# a thief in an empty house



## TipGrundlefunk (Oct 3, 2015)

adjusting to years
that passed by
before i noticed them gone 
i look through photographs
search for lost moments -
negatives that absorb time

smiling eyes -
two dots i struggle to join
your laughter fills 
far off rooms 
while i look for treasure
like a thief in an empty house


----------



## Doc Martin (Oct 3, 2015)

The more I read this trying to realize the meaning, the more sad I became. That's a compliment for a well written piece.

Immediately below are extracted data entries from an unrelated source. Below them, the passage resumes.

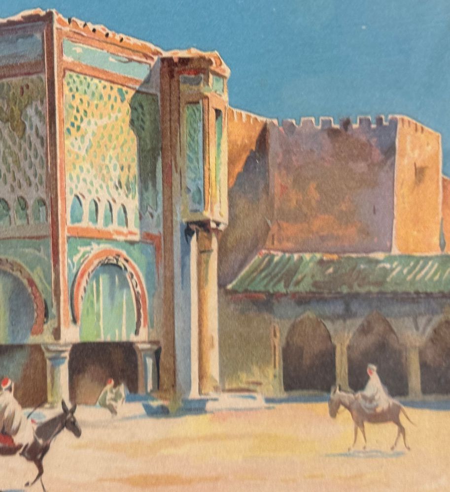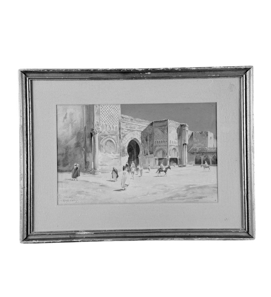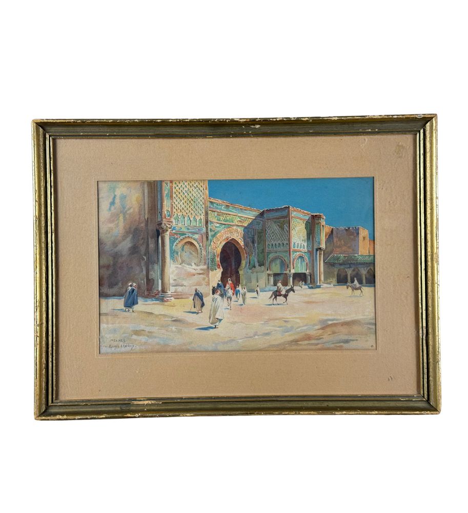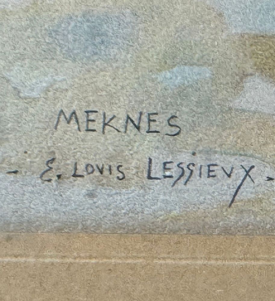 Acquerello su carta, periodo XIX/XX secolo scuola Europea, raffigurante Meknes Città in Marocco. Dimensioni compreso cornice: 35x47 cm. Dimensioni interno cornice: 33x21 cm. Reca firma in basso a sinistra da Ernest Louis Lessieux . Opera in buone condizioni.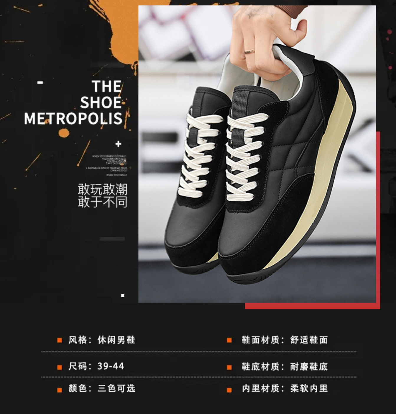 产品名称:男鞋2024春季新款潮流百搭学生跑步运动厚底男士休闲爆款潮鞋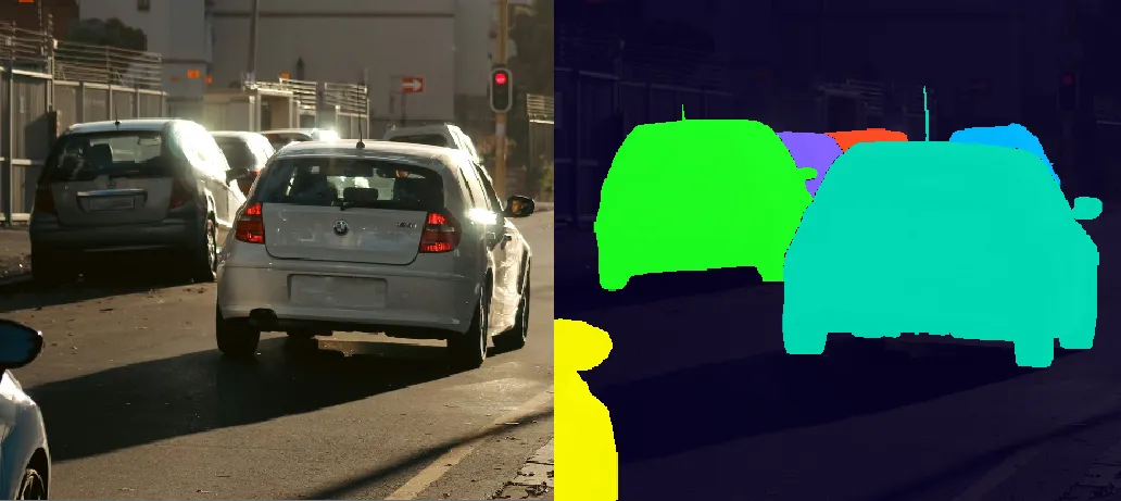 In urban datasets, masks are often used to isolate vehicles from the background, such as roads, buildings, and pedestrians. For example, when annotating images for autonomous driving models, accurately separating cars, buses, and bicycles from their surroundings ensures the model focuses on the features of the vehicles themselves, improving object detection and recognition performance.

I think the person looking through the photos and recalling the timeline of life, senses the presence of a passed loved one but cannot connect. The search continues though for the "treasure" which is the connection to the past.


----------



## TipGrundlefunk (Oct 4, 2015)

Thanks for the reply Doc.

This is a poem written from personal experience. You are right, it's about loss, time and memory. 

Tip


----------



## kbsmith (Oct 4, 2015)

I got caught up in it. Felt sadness grip me and tears well up before I got to the end. Nice job here. Beautifully arranged handful of letters into words.


----------



## Sonata (Oct 4, 2015)

Sad but beautiful in a way.  The title is perfect for what you are saying.


----------



## blazeofglory (Oct 4, 2015)

TipGrundlefunk said:


> adjusting to years
> that passed by
> before i noticed them gone
> i look through photographs
> ...


----------



## Jcrazy99 (Oct 4, 2015)

I could tell its about loss after reading it. I thought the treasure were memories the person was searching for too. Well done, very interesting. Sorry for the loss. God bless.


----------



## Gumby (Oct 4, 2015)

Very moving piece, Tip.


----------



## -xXx- (Oct 4, 2015)

TipGrundlefunk said:


> adjusting to years
> ..that passed by
> ....before i noticed them gone
> ......i look through photographs
> ...



you need two people to do this:
person A read first line first stanza
person B respond with first line second stanza
etc
BUT
be prepared for the  final line reading.
that's where i found the coolness you've created.
try it...


----------



## PiP (Oct 4, 2015)

You captured the passing of time and memories perfectly in this poem, Tip 

I especially liked 





> your laughter fills
> far off rooms
> while i look for treasure
> like a thief in an empty house



Your words captured the moment and feeling of emptiness of loss perfectly. Been there and got that t-shirt.


----------



## Nellie (Oct 4, 2015)

Tip,

This is a beautifully written poem about the inevitable in our lives. Thank-you for sharing.


----------



## Mesafalcon (Oct 5, 2015)

love the images and nice name of the poem ～ i have a thing for titles. This is a good one.


----------



## Doc Martin (Oct 5, 2015)

blazeofglory said:


> TipGrundlefunk said:
> 
> 
> > adjusting to years
> ...


----------



## Firemajic (Oct 5, 2015)

A thief implies that you feel you have no right to be there...so, that intrigues me Tip... that you need to search, implies that there are not many, if ANY treasures to be found... you went to the sublime with this.. unique and original.. 2 of my favorite things...


----------



## Bard_Daniel (Oct 5, 2015)

This filled me with melancholy but it was also very rewarding.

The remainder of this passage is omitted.